One of the most controversial of these – at least in his time – was Terry Bayber, a knockabout northern comic whose heyday was the late 1940s and early 1950s, but who’d mainly been famous back then for being irreverent and even ‘subversive’ according to one daily newspaper. Bayber’s risqué routines were always aided and abetted by his busty, blonde and ever scantily clad girlfriend and business partner, Mavis Broom, ‘Our Mavis’, who was the recipient of endless light-hearted innuendo throughout his shows.

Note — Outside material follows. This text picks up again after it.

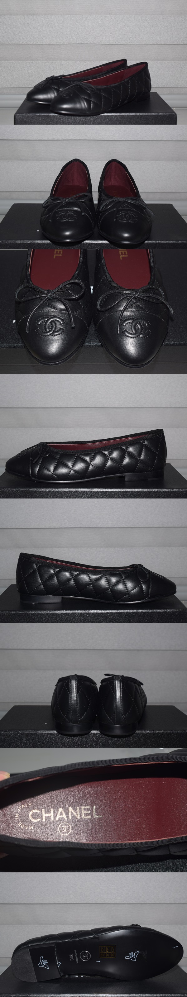 샤넬 여성 클랙식 CC 로고 리본 엠보싱 발렛 플랫 슈즈
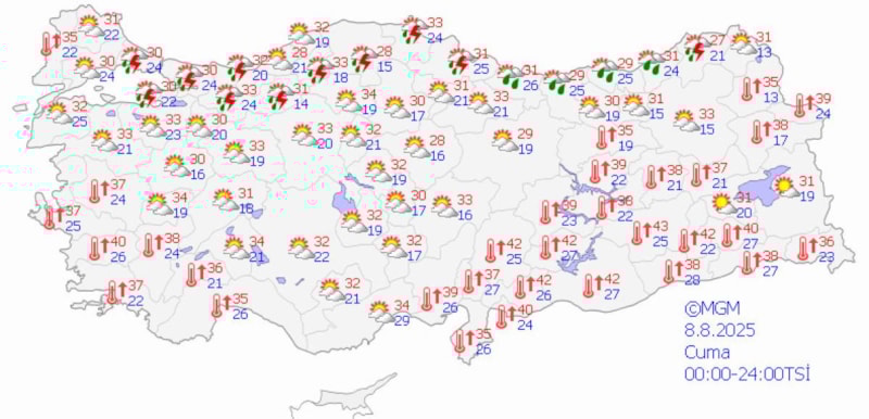 Meteoroloji Genel Müdürlüğü'nün son hava durumu tahminlerine göre yurt genelinde sıcaklıklar yüksek seviyelerde kalacak.

Bayber’s death in 1954, at the age of 55, was very premature, but his memory lived on, certainly on his home patch, where campaigners had lobbied from an early stage for a permanent memorial to him. Only now had this dream finally become reality, with Bradburn Council coughing up, and further donations coming from local businesses, to produce a seven-foot-tall bronze figure mounted on a plinth in the town’s central Plaza.

But this was Bradburn, so things had not gone entirely smoothly.